- Instructions to follow -
Pictures don't belong in the copy; print all the records exactly.

- Data extracted from a collection -
------------------------------------------------
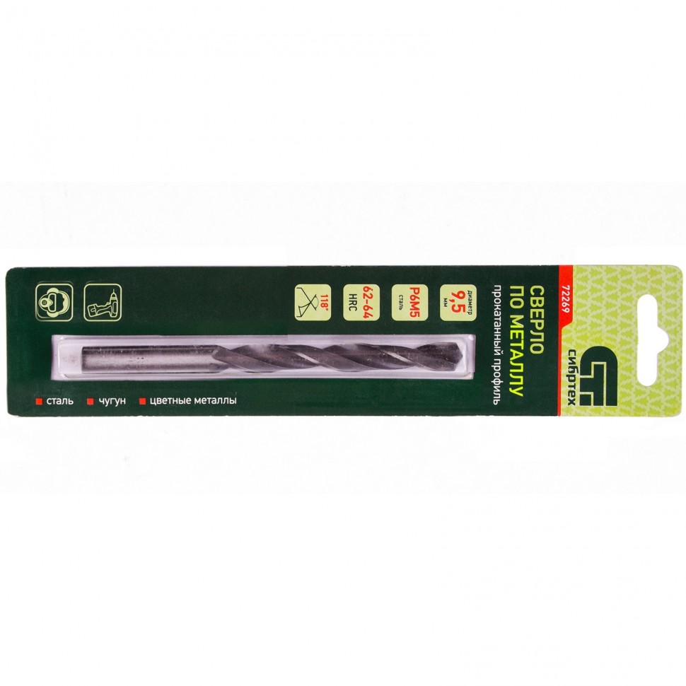 Сверло по металлу Сибртех 72269 из стали P6M5 имеет угол заточки 118 градусов и позволяет получать отверстия диаметром 9,5 мм в черных и тяжелых металлах, в том числе стали, чугуне и твердой бронзе. Сверло отличается наиболее выгодной стоимостью по сравнению с другими моделями из стали P6M5. Используется для монтажно-сборочных работ, будет полезно в быту.
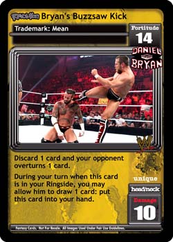 Discard 1 card and your opponent overturns 1 card. During your turn when this card is in your Ringside, you may allow him to draw 1 card: put this card into your hand.
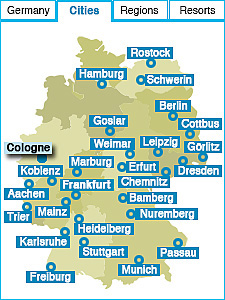 CologneSites to seeCologne Cathedral, World Heritage Site and Germany´s most visited landmark, Romanesque churches in the old town, town hall, Leprechaun fountain, House of “Cologne Water 4711” perfume, Hohenzollern Bridge Things to doEnjoy the frivolous carnival parties in the wintertime, visit the chocolate museum, take a cruise on the river Rhine and visit the romantic castles along its shore, taste the local beer “Kölsch” and of course the wine from the Rhine region, visit the Museum Ludwig with its modern art collection and the Roman Germanic Museum with its collection of local historic art and architecture. How to get thereTo Cologne Airport from Munich or other major European airports, German Railway with express trains from Frankfurt Airport within one hour and from other major cities. |
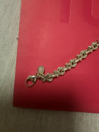 Elegante pulsera con un diseño de cadena. En las fotos no se aprecia pero se ve en color dorado vivo - Acabado dorado. - Cierre de mosquetón. Tag, oro, dorado dorada esclava
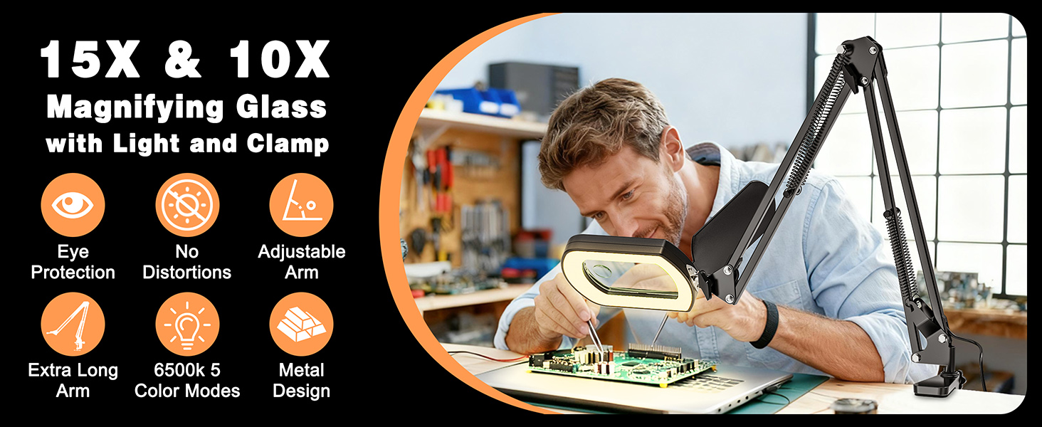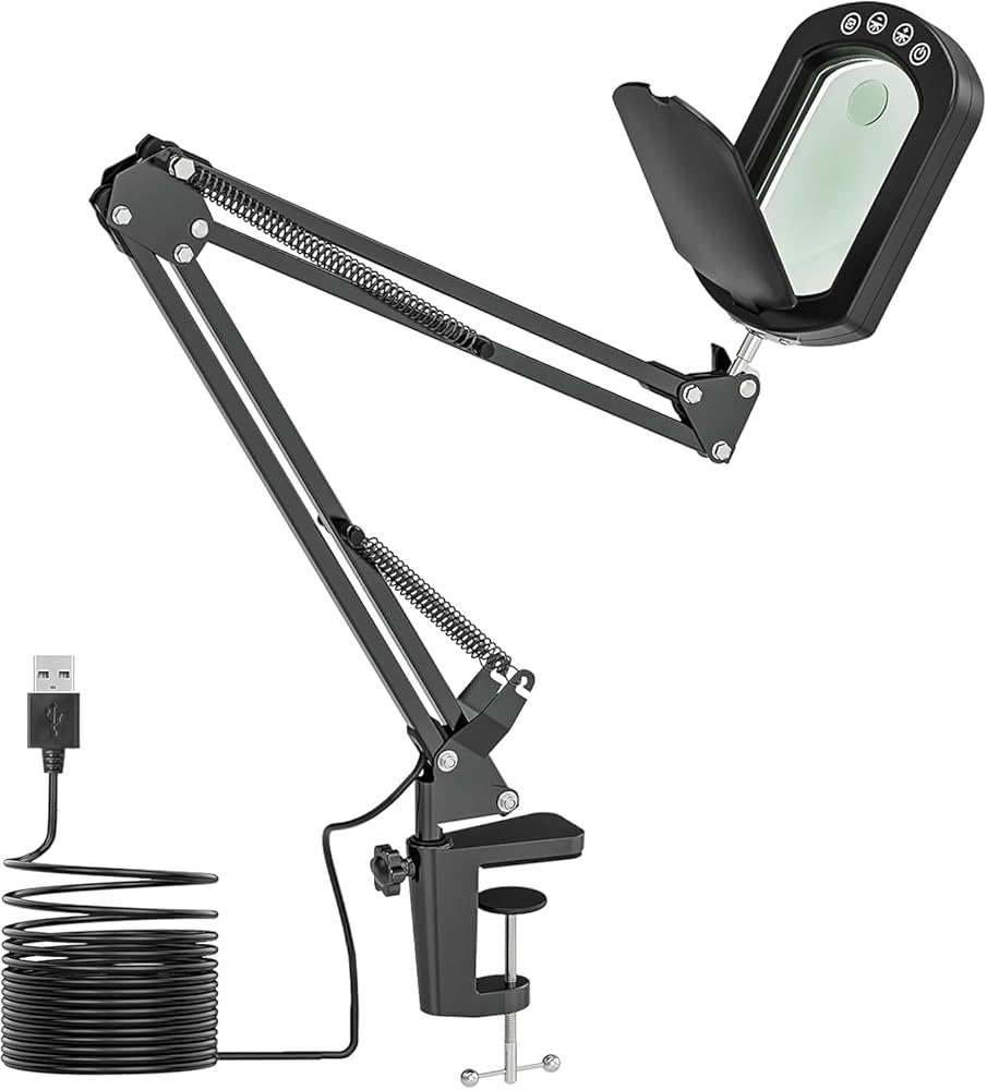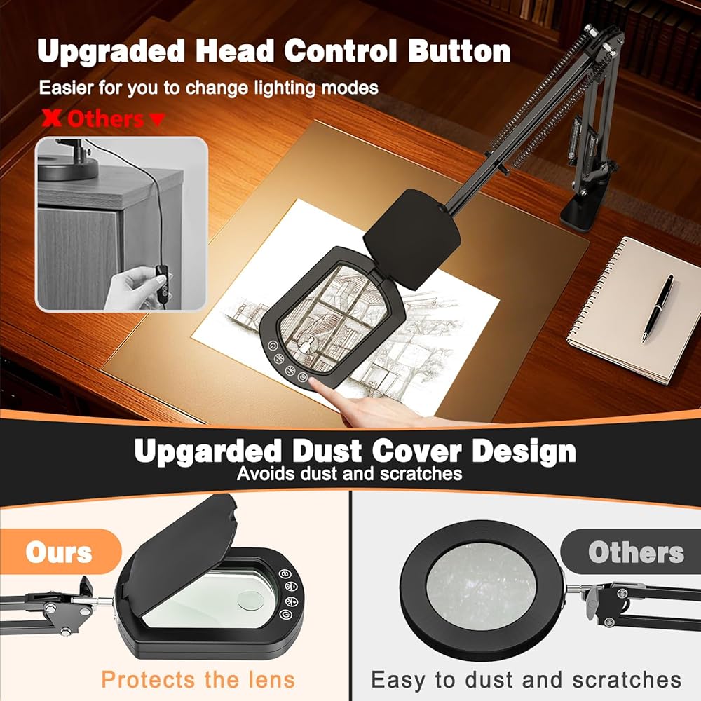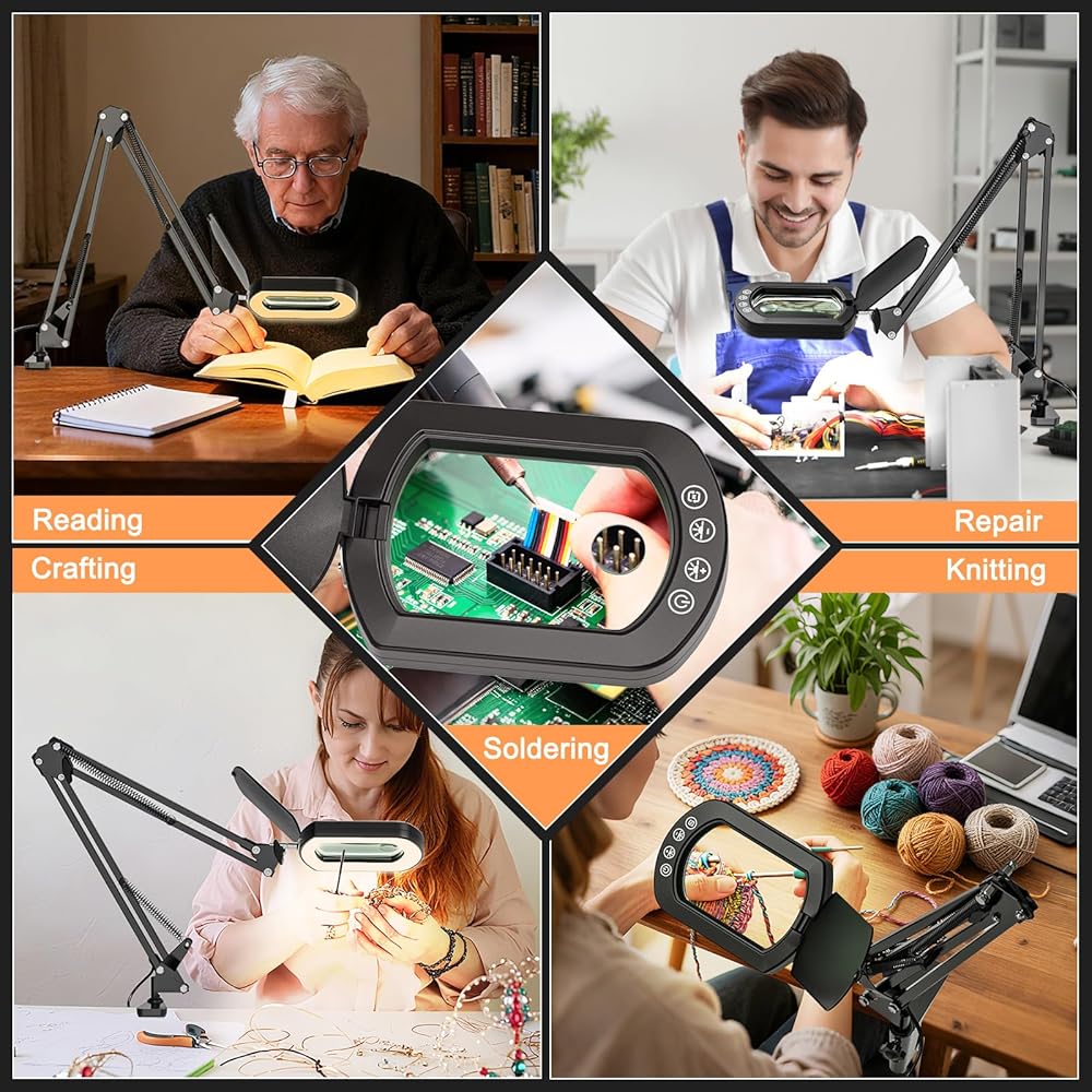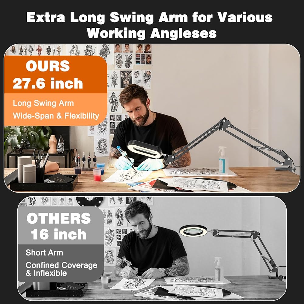 The 27.6" Arm That Actually Holds Still: Never force a shaky magnifier again. Our heavy-duty aluminum arm extends 50% longer (27.6") than standard arms, yet locks rock-solid at any angle. The glass lens can be adjusted 225 degrees up and down, and 360° whirl. The swivel arm can be adjusted up and down and rotated 360 degrees, so you can position the lens exactly where you need it for hands-free work, whether you're repairing a watch or painting miniatures. No drift, no vibrations.
------------------------------------------------
- Worked solution -
 Сверло по металлу Сибртех 72269 из стали P6M5 имеет угол заточки 118 градусов и позволяет получать отверстия диаметром 9,5 мм в черных и тяжелых металлах, в том числе стали, чугуне и твердой бронзе. Сверло отличается наиболее выгодной стоимостью по сравнению с другими моделями из стали P6M5. Используется для монтажно-сборочных работ, будет полезно в быту.
 Discard 1 card and your opponent overturns 1 card. During your turn when this card is in your Ringside, you may allow him to draw 1 card: put this card into your hand.
 CologneSites to seeCologne Cathedral, World Heritage Site and Germany´s most visited landmark, Romanesque churches in the old town, town hall, Leprechaun fountain, House of “Cologne Water 4711” perfume, Hohenzollern Bridge Things to doEnjoy the frivolous carnival parties in the wintertime, visit the chocolate museum, take a cruise on the river Rhine and visit the romantic castles along its shore, taste the local beer “Kölsch” and of course the wine from the Rhine region, visit the Museum Ludwig with its modern art collection and the Roman Germanic Museum with its collection of local historic art and architecture. How to get thereTo Cologne Airport from Munich or other major European airports, German Railway with express trains from Frankfurt Airport within one hour and from other major cities. |
 Elegante pulsera con un diseño de cadena. En las fotos no se aprecia pero se ve en color dorado vivo - Acabado dorado. - Cierre de mosquetón. Tag, oro, dorado dorada esclava
 The 27.6" Arm That Actually Holds Still: Never force a shaky magnifier again. Our heavy-duty aluminum arm extends 50% longer (27.6") than standard arms, yet locks rock-solid at any angle. The glass lens can be adjusted 225 degrees up and down, and 360° whirl. The swivel arm can be adjusted up and down and rotated 360 degrees, so you can position the lens exactly where you need it for hands-free work, whether you're repairing a watch or painting miniatures. No drift, no vibrations.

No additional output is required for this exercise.